Let's start with gambling games with the caveat that I'm neither a poker player nor a professional gambler. So a naive strategy for, say, betting on a horse race is to just try and pick the winner. The problem with this strategy is that the most likely horse to win is the one with the shortest odds. And that means if you win, you don't win much money. So let me give you a quick example. So let's say there's a horse race with these three famous fictional horses in it. Let's say horse A has a 50% chance of winning, right? You might have odds of three to two, which means you put £2 on the bet and you get three back. And clearly, if you bet on this horse over and over and over in lots of successive races, you'll eventually lose all your money because the chance of winning is less than the amount you get back. In fact, that's true of any of these horses, right? The odds always pay back worse than the probabilities. And if these probabilities are correct, you'll always end up losing. So picking the horse you like best just isn't going to work. In order to win money horse racing, you have to have an edge. And I'm going to build up to describe what that means.

So before we understand how to get the edge, let's talk about internal models. Now, this is a really helpful concept in risk generally and in Risk-First. The idea is the internal model is what you know about the world or what you think you know about the world. An internal model could be the information you have in your head, or it could be data stored on a computer. There's no guarantee that it's correct.

Now, why is this an important concept? How many times have you been in a meeting and had an argument about either what the team should be doing or the approach a team should take to do something? I mean, personally, quite a lot, right? And usually the reason for the argument is not that you have a different idea of the goal of the team. That's usually quite clear. And it's not usually that some person is trying to subvert the team and cause it to fail. They probably want it to succeed as much as you do. And often, the people involved in the argument have access to pretty much the same facts about the situation that I do. So why are we arguing? The reason we're arguing is that our models of the situation are telling us to do different things.

Right. And so chess is a great example of the power of an internal model, right? If I was to play chess against a grandmaster, we both have perfect information about what's going on in the game. It's a perfect information game. The board contains everything we need to know, and there's nothing random that affects it.
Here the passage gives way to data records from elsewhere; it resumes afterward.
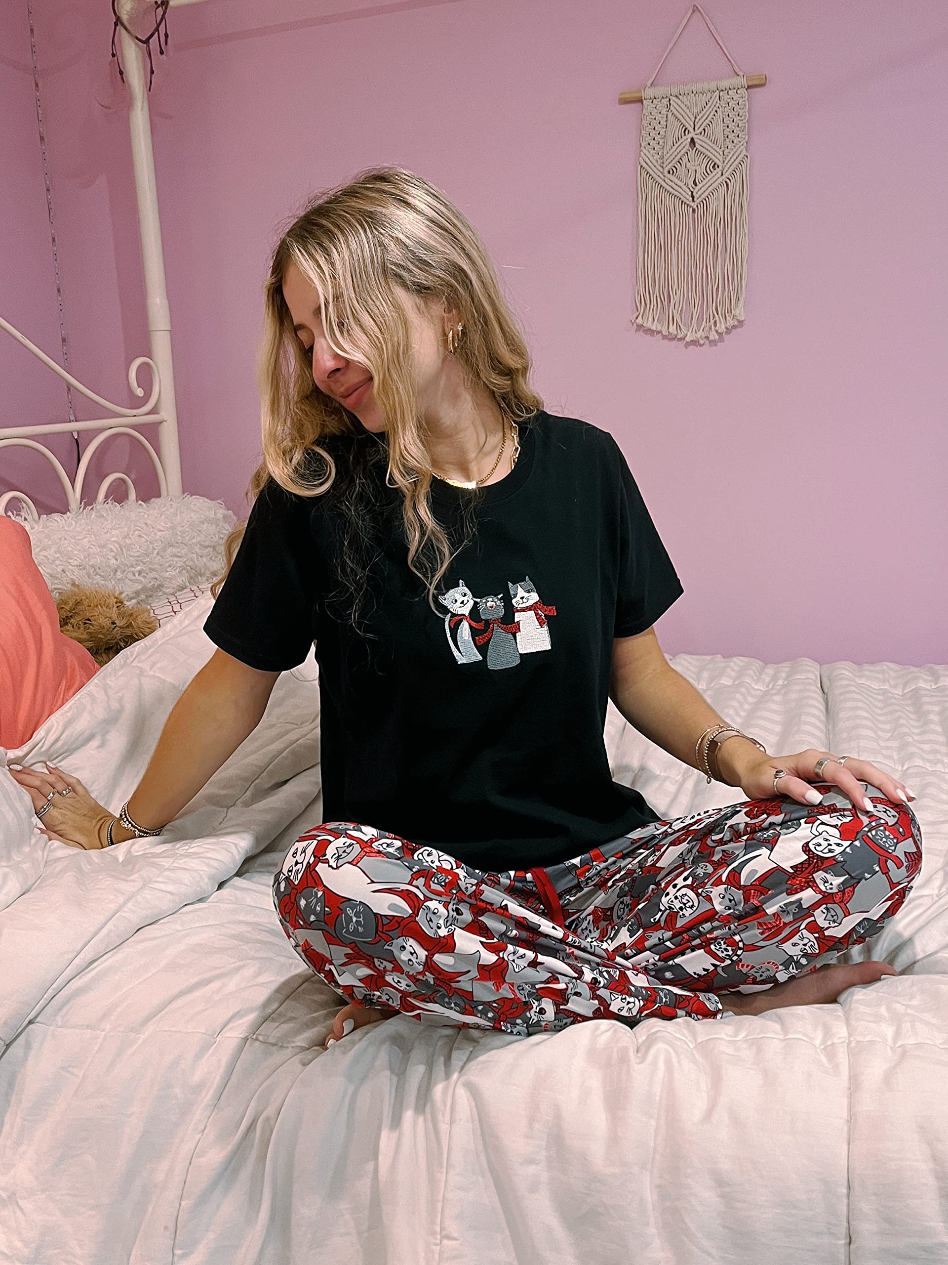 Stay cozy and look adorable in these soft, lightweight lounge pajama pant and t-shirt sets. In multiple Christmas, Wedding and other cute patterns. They are great for every night and for the special ocassions like your wedding and Christman. Comfortable and stretchy, these pants are great for lounging at home on a weekend or to come home to slip into after work.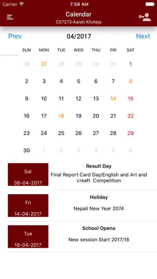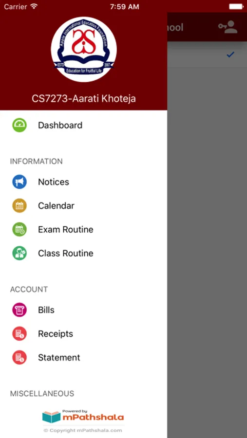Parents can now view information maintained by the school about their children through the app. This information includes: class/exam routines, school calendar, homework, attendance records, progress reports, bills, receipts, etc. They can also send message to the school as well as receive regular communication from the school.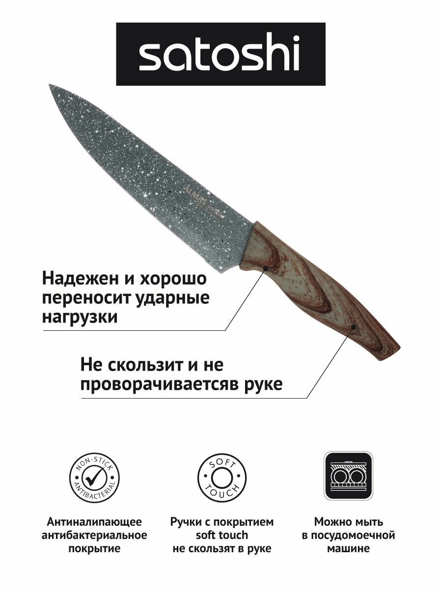 Нож кухонный 20см шеф SATOSHI Алмаз антиналип. покр. (нержавейка) интересное: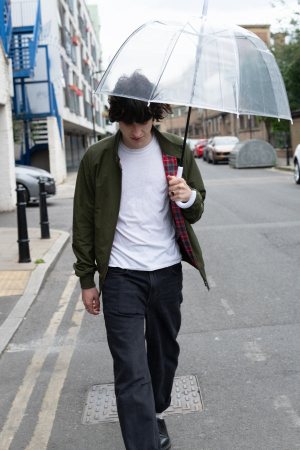 Sapevate che prima della nascita di Baracuta, avvenuta nel 1937, la famiglia Miller produceva e confezionava già abbigliamento impermeabile per conto di marchi famosi dal 1912? Non è un caso infatti che la città d’origine della famiglia fosse proprio Manchester, una dei luoghi più piovosi del Regno Unito. Proprio questo si dimostrò essere uno dei presupposti principali che portarono i Miller a produrre abbigliamento impermeabile, affinando nel tempo le proprie competenze ed abilità, fino a diventare noti per l’altissima qualità dei loro prodotti. Questi anni di esperienza si rivelarono davvero preziosi, consentendo alla famiglia di dare vita ad un marchio iconico del patrimonio culturale britannico, e ad un capo che ne è la perfetta rappresentazione: il famoso G9 Harrington in Baracuta Cloth.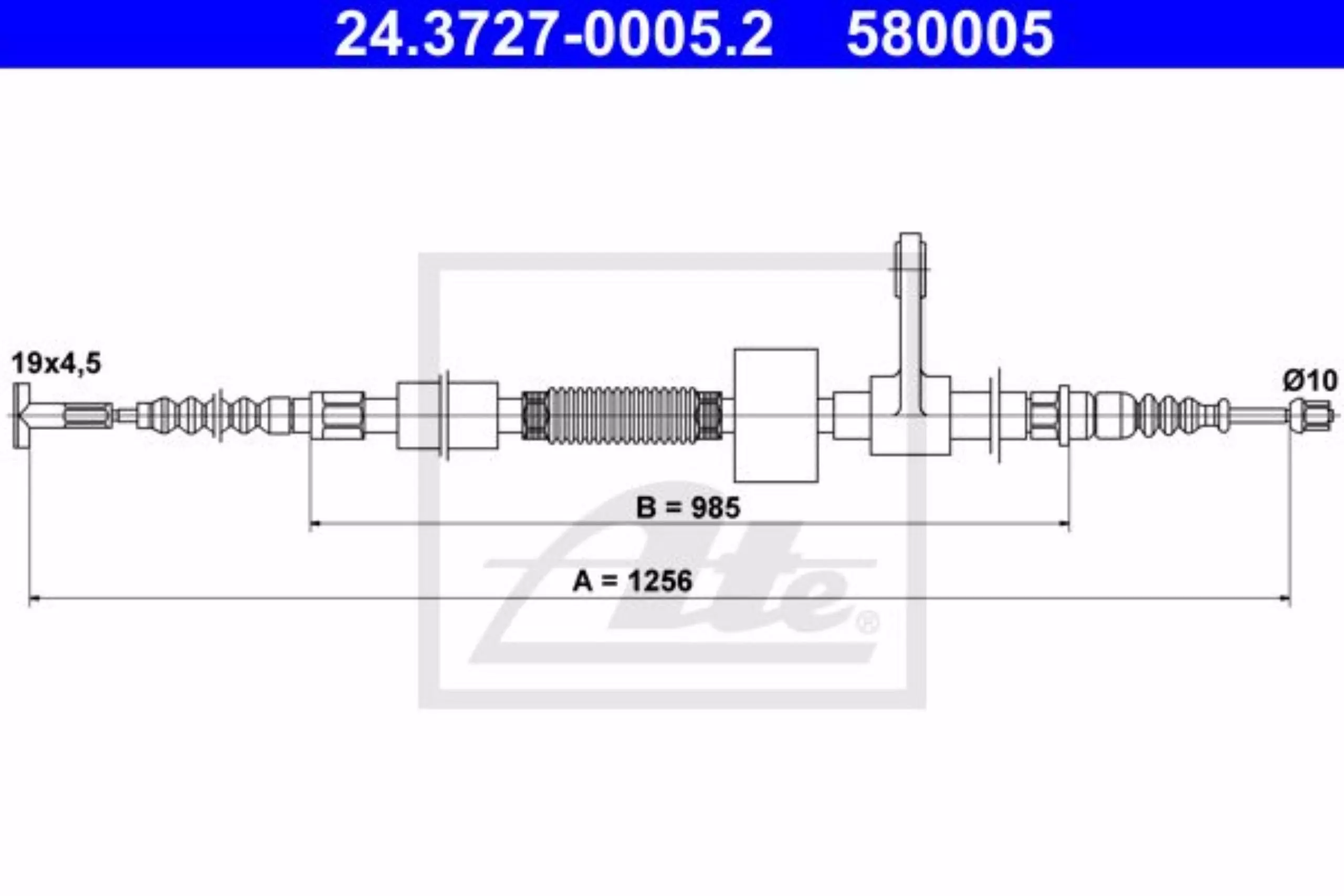 Linka hamulca ręcznego tył lewy 1256mm ATE 24.3727-0005.2
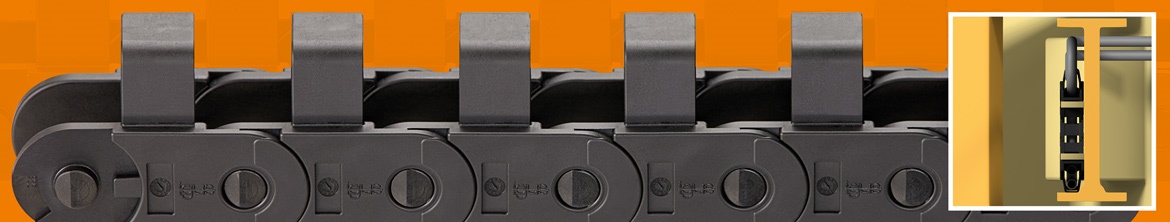 Le guidage sûr des tuyaux hydrauliques dans les béquilles des machines de chantier est essentiel, qu'il s'agisse de pompes à béton ou de grues mobiles, ces tuyaux devant alimenter les machines de manière constante et fiable tant en présence de fortes sollicitations mécaniques que de mauvais temps. La chaîne à étriers E2 permet de guider en toute sécurité des câbles ainsi que deux tuyaux hydrauliques. Elle protège les câbles qu'elle contient tout en évitant une torsion et un pliage des tuyaux grâce au rayon de courbure minimum prédéfini.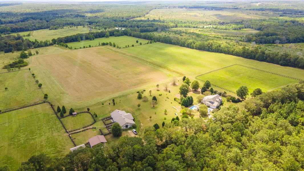 Bitters End Farm - Gorgeous custom home, pool and 8-stall barn are beautifully sited on approximately 48 acres of open fields and fenced paddocks with sweeping pastoral & ridgeline views to enjoy Aiken's equestrian lifestyle. The 4BR/4.5BA residence, built in 2010 by Mitch Johnson, offers quality craftsmanship, high ceilings, hardwood floors, two gas fireplaces and light-filled rooms. The Great Room impresses with vaulted ceilings, a heart pine-mantle fireplace and French doors opening to a gracious covered porch with incredible views overlooking the neighboring polo field. Around to the side of the home, you will be delighted by the privately landscaped saltwater pool with fields & barn beyond. Back inside, a gourmet kitchen features knotty pine cabinetry, leathered granite counters, Whirlpool appliances and a walk-in pantry. For more formal occasions, there is a lovely formal dining room while a separate home office / den offers beautiful built-ins and an inviting place to attend to business or correspondence. The primary suite is found on the main level and includes a sunlit, bay window sitting area, porch access, two walk-in closets, and spa bath with jetted tub and glass-enclosed shower. Three generous guest bedrooms, each with walk-in closets, are located upstairs; one bedroom features a private bath while the other two share a hall bath. A generous 2-room laundry / mud room is found off the back hall between the kitchen and the expansive 2-car garage with extensive built-in storage. Bitters End Farm is all about the equestrian lifestyle and outdoor living. Equestrian amenities include a Tim Zekany-custom built 8-stall barn with a climate-controlled tack room, indoor wash stall with both hot & cold water, a large hay/feed storage room, and a climate-controlled lounge/efficiency apartment with full bath/laundry room. The property offers several newly painted fenced paddocks with run-ins and new fencing. A separate custom-built equipment building offers two garage bays, concrete flooring, loft storage, and covered horse trailer parking to keep everything neat & tidy! During warmer weather, you can enjoy a refreshing afternoon swim in the in-ground saltwater pool (new liner in 2024) after working with your horses in the morning. Sip an iced tea on the back porch while watching polo during the season or a glass of wine while taking in a spectacular sunset. Wherever you are on this gorgeous property, the views are absolutely captivating! The property has been thoughtfully landscaped to maximize the views while providing privacy where needed. The property's structures are outfitted with SMART home security, lightning protection, metal roofs and supported by a 110 GPM well. Estancia Lane is located just minutes from the town of Wagener, SC and is an easy drive to equestrian venues and shopping in Aiken as well as the Columbia, SC airport. Bitters End Farm is truly an exceptional property, combining comfort, function & an idyllic, peaceful ambiance to which to welcome you and your horses home!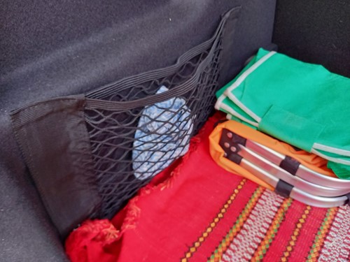 Jednoduchá a praktická pomůcka do kufru auta, suchý zip zatím drží i těžší předměty.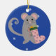Pink Christmas Mouse Ceramic Ornament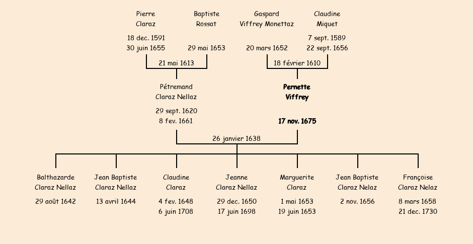 Mariée avec Pétremand Claraz Nellaz (17 ans) le 26 janvier 1638 à Fontcouverte ![]() |

However, the grandmaster's internal model is much better developed than mine, and they'll see the risks to all of their pieces much more clearly than I will. They'll understand all the risks of the moves and make better moves than me. So chess grandmasters spend their lives improving their internal models of chess by studying other games and players throughout history.

And this is Donald Rumsfeld's famous quote, and he's kind of talking about this. He says, "As we know, there are known knowns. There are things we know we know. And there are also known unknowns. That is to say, we know there are some things we do not know. But there are also unknown unknowns, the ones we don't know we don't know." And he's directly talking here about internal models, but he was the US Secretary of Defense at the time of 9/11 and the war in Afghanistan. So he's really talking about the internal model of the entire US military operation.

So I've tried to break down what he's talking about on this slide. Here are the three categories of things in an internal model that Rumsfeld suggests, plus a fourth one, the things you know but didn't know you knew, right, which I guess also has to exist. And I guess that might include things like the plots of movies that you forgot you saw, or institutionally, this could happen a lot, with a company having records of things and all the staff have long since forgotten about them. Getting back to the horse racing example,

we're dealing there with known unknowns, right? The box on the top right. We know that one of the horses will win, just not which one. And in the bottom right, the unknown unknowns. So in the chess game, these were the ones that were going to get me, the moves I didn't see coming. And these are the things that wreck our ability to estimate in software development. How many times have you said, "Oh, this will be done next Tuesday," but then been blindsided by a completely unpredictable quirk or bug or facet of the problem that just throws the whole thing out. We're going to look a bit more closely at what to do about the unknown unknowns in a bit.

So the key to being a successful gambler, going back to this, is not to try and pick the winner necessarily, but to play the odds. So you need to have a better internal model of what's going to happen than whoever you're going to make the bet with. So that is making your model of known unknowns better than the person you're up against. And this guy is Joseph Jagger. He made a ton of money in the

1880s out of roulette because he had a better internal model, right? He sent people to casinos to record the results of each spin of the wheel, and he found that some of the wheels were biased, and so certain numbers came up more often than others. And all he had to do was bet on those numbers to win. And for the casinos, the idea that some wheels were biased was an unknown unknown. They had no conception of it. But Jagger turned it into a known unknown in his model, and so he won. And all he had to do to get this improved internal model was to go out and experiment in the real world and record some observations.

So you might be thinking, "Well, that's all very well, isn't it? But it doesn't really apply to software development, does it?" Well, I'm going to try and persuade you that actually it does.

So in order to win at software development, you have to not just consider the game you're playing, but the meta game. For example, the game might be the current task. Maybe the task is add a login box to your website.

So a really naive understanding of this game might be, I'm just going to knock this out as quickly as possible. And in Agile circles, there's an expression, YAGNI, you aren't going to need it. This captures the idea that you shouldn't over-engineer the solution. So this developer has taken this to heart, and he's done the simplest thing that could possibly work.

So at one level, this wins the game. It fulfills the definition of what was asked for. But it loses on the meta game level, the game of games, because the product owner might look at this and say, "Well, actually, that's not what I wanted. Can we have something that just doesn't look completely terrible?" And so second time around, the developer goes away for a whole week, and he comes back with something like this. And it's pulling in style sheets and graphics and an animated background, and it looks amazing, and it fulfills the brief, but it also fails at that meta game level.

So what's wrong with either of these solutions? Put simply, they're just not managing risk that well, right? The product owner is trying to manage the risk on the product. He or she has an internal model of what those risks look like. So the very simple login is going to leave the users feeling that the product was built by a five-year-old, and that's not what you want to convey. And on the other hand, the super awesome login, look, it took ages to build, and it brings in style sheets and images, but it's adding way more complexity than necessary.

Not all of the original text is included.